Averaged PC skewness for Gaussianality. On each PC direction, we compute the skewness for each speaker, and then compute the mean of the kurtosis over all the speakers. The averaged skewness over the first 10 PCs is reported.
Between-class kurtosis and skewness. The kurtosis and skewness of the class means, computed on each dimension, and then are averaged.

To have a comparison with the ideal case where the data are truly linear Gaussian, synthesis datasets are constructed for the x-vectors and i-vectors respectively. We first sample the same number of classes (4000) using the same between-class covariance of the true speaker vectors. For each class, we sample the same number of samples of that class in the real data, using the same within-class covariance (which is 1.0 in the LDA space). From these synthesis data, we compute the same statistics as the real speaker vectors. These values can be used to evaluate how the real dataset departs from a perfect linear Gaussian dataset.

The results are shown in Table 1. It can be seen that the real speaker vectors exhibit clear non-homogeneity and non-Gaussianality. For non-homogeneity, it looks like the most variance lies on the shape rather than the direction of the within-class distributions. Moreover, the x-vectors and i-vectors show similar shape and direction variances, which means that these two types of speaker vectors are not much different in terms of non-homogeneity.

Table 1 Statistics of x-vectors and i-vectors, and the corresponding synthesis data

Full size table

For non-Gaussianality, both the x-vectors and i-vectors are clearly non-Gaussian, in terms of both between-class and within-class distributions. Specifically, it seems that the most significant difference between x-vectors and i-vectors is that the kurtosis of the within-class distribution is much higher with the x-vectors, and the large positive value suggests that the x-vectors mostly concentrate on the class means.
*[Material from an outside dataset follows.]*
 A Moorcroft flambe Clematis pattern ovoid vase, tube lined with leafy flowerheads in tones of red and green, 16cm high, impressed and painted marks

As for the between-class distribution, it seems that for both the x-vectors and i-vectors, the distribution is Gaussian, and the difference between the two kinds of speaker vectors is not substantial.

We also compute the EER and IDR results with the NL scoring. In this test, one sample from each class is used for enrollment and one sample is used for test. To ensure statistical significance, we run the test 500 times, and report the EER and IDR results as well as the variation. The results are shown in the bottom of Table 1. It can be seen that if the data are truly linear Gaussian, the NL scoring ensures a very high performance. This performance is an upper bound that the NL scoring can achieve. In real-life situations, this upper bound is hard to reach, due to the non-homogeneity and non-Gaussianality of the data in nature, as well as the complexity associated with domain and condition mismatch.

In the reset of this section, we will conduct a series of simulation experiments, to study the impact of various factors related to the real-life imperfection. We hope this analysis will help identify the key factors that should be cared when designing a practical speaker recognition system. Due to the superior performance of x-vectors, our simulation will be based on the x-vector configuration. The NL score is used in all the following experiments.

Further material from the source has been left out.